Certain other regulatory authorities have also been conducting investigations
into these practices within the industry and have requested that the Adviser
provide information to them. The Adviser has been cooperating and will
continue to cooperate with all of these authorities. The shares of the Fund
are not redeemable by the Fund, but are traded on an exchange at prices
established by the market. Accordingly, the Fund and its shareholders are
not subject to the market timing and late trading practices that are the
subject of the investigations mentioned above or the lawsuits described
below. Please see below for a description of the agreements reached by
the Adviser and the SEC and NYAG in connection with the investigations
mentioned above.

Numerous lawsuits have been filed against the Adviser and certain other
defendants in which plaintiffs make claims purportedly based on or related
to the same practices that are the subject of the SEC and NYAG
investigations referred to above. Some of these lawsuits name the Fund
as a party. The lawsuits are now pending in the United States District
Court for the District of Maryland pursuant to a ruling by the Judicial
Panel on Multidistrict Litigation transferring and centralizing all of the
mutual funds involving market and late trading in the District of Maryland
(the "Mutual Fund MDL"). Management of the Adviser believes that these
private lawsuits are not likely to have a material adverse effect
on the results of operations or financial condition of the Fund.

On December 18, 2003, the Adviser confirmed that it had reached terms with
the SEC and the NYAG for the resolution of regulatory claims relating to the
practice of "market timing" mutual fund shares in some of the
AllianceBernstein Mutual Funds. The agreement with the SEC is reflected in
an Order of the Commission ("SEC Order"). The agreement with the NYAG is
memorialized in an Assurance of Discontinuation dated September 1, 2004
("NYAG Order").
Among the key provisions of these agreements are the following:

(i) The Adviser agreed to establish a $250 million fund (the "Reimbursement
Fund") to compensate mutual fund shareholders for the adverse effects of
market timing attributable to market timing relationships described in the
SEC Order.
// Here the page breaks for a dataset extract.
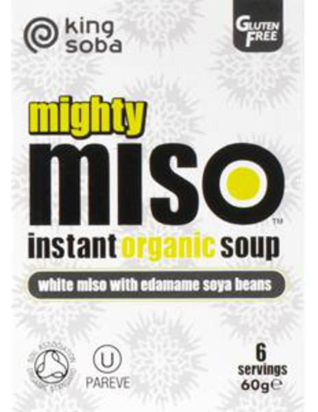 La soupe miso instantanĂ©e King Soba contient 6 sachets de 10 g de miso blanc, avec des haricots edamame et des algues wakame ajoutĂ©s. Il peut ĂŞtre bu directement dans une tasse, bien qu’il puisse ĂŞtre transformĂ© en une collation plus substantielle en le prĂ©parant dans un bol et en ajoutant des lĂ©gumes et des nouilles, ou en le mangeant avec du pain croustillant. Tous les ingrĂ©dients biologiques. Recette sans gluten.

According to the SEC Order, the Reimbursement Fund is to be
paid, in order of priority, to fund investors based on (i) their aliquot share
of losses suffered by the fund due to market timing, and (ii) a proportionate
share of advisory fees paid by such fund during the period of such market
timing;

(ii) The Adviser agreed to reduce the advisory fees it receives from some of
the AllianceBernstein long-term, open-end retail funds, commencing
January 1, 2004, for a period of at least five years; and

(iii) The Adviser agreed to implement changes to its governance and
compliance procedures. Additionally, the SEC Order contemplates that the
Adviser's registered investment company clients, including the Fund, will
introduce governance and compliance changes.
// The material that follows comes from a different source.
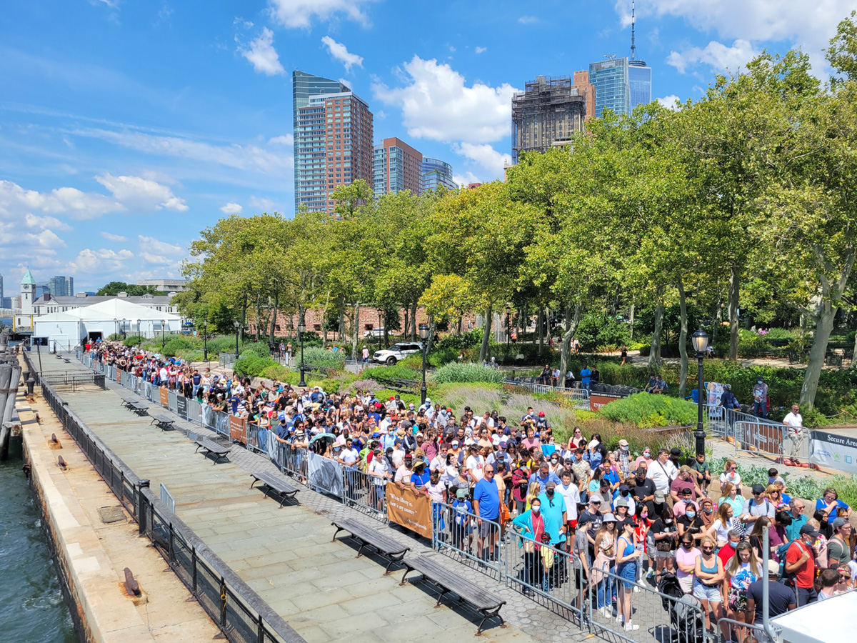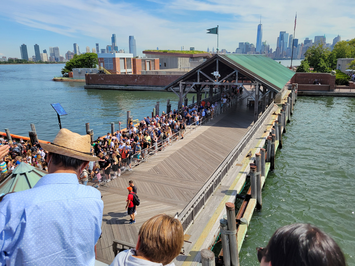 정오의 땡볕 아래에서 우리가 타고 온 배를 기다리고 있는 사람들이 보안검색장까지 부두에 가득 차 있었다. 오후로 갈 수록 기다리는 시간이 점점 길어져서 한 시간 이상을 기다리는 경우도 있다고 하므로, 뉴욕 맨하탄쪽에서 리버티 섬으로 향하는 배를 타실 계획인 분들은 가능한 아침 일찍 출발하는 표를 사전에 예매하시는 것을 꼭 권해드린다.

The shares of the Fund are not redeemable by the Fund, but are traded on an
exchange at prices established by the market. Accordingly, the Fund and its
shareholders are not subject to the market timing practices described in the
SEC Order and are not expected to participate in the Reimbursement Fund.
Since the Fund is a closed-end fund, it will not have its advisory fee
reduced pursuant to the terms of the agreements mentioned above.

On February 10, 2004, the Adviser received (i) a subpoena duces tecum from
the Office of the Attorney General of the State of West Virginia and (ii) a
request for information from West Virginia's Office of the State Auditor,
Securities Commission (the "West Virginia Securities Commission") (together,
the "Information Requests"). Both Information Requests require the Adviser
to produce documents concerning, among other things, any market timing or
late trading in the Adviser's sponsored mutual funds. The Adviser responded
to the Information Requests and has been cooperating fully with the
investigation.

On April 11, 2005, a complaint entitled The Attorney General of the State
of West Virginia v. AIM Advisors, Inc., et al. ("WVAG Complaint") was
filed against the Adviser, Alliance Capital Management Holding L.P.
("Alliance Holding"), and various other defendants not affiliated with the
Adviser. The WVAG Complaint was filed in the Circuit Court of Marshall
County, West Virginia by the Attorney General of the State of West Virginia.
The WVAG Complaint makes factual allegations generally similar to those
in certain of the complaints related to the lawsuits discussed above. On
May 31, 2005, defendants removed the WVAG Complaint to the United
States District Court for the Northern District of West Virginia. On
July 12, 2005, plaintiff moved to remand. On October 19, 2005,
the WVAG Complaint was transferred to the Mutual fund MDL.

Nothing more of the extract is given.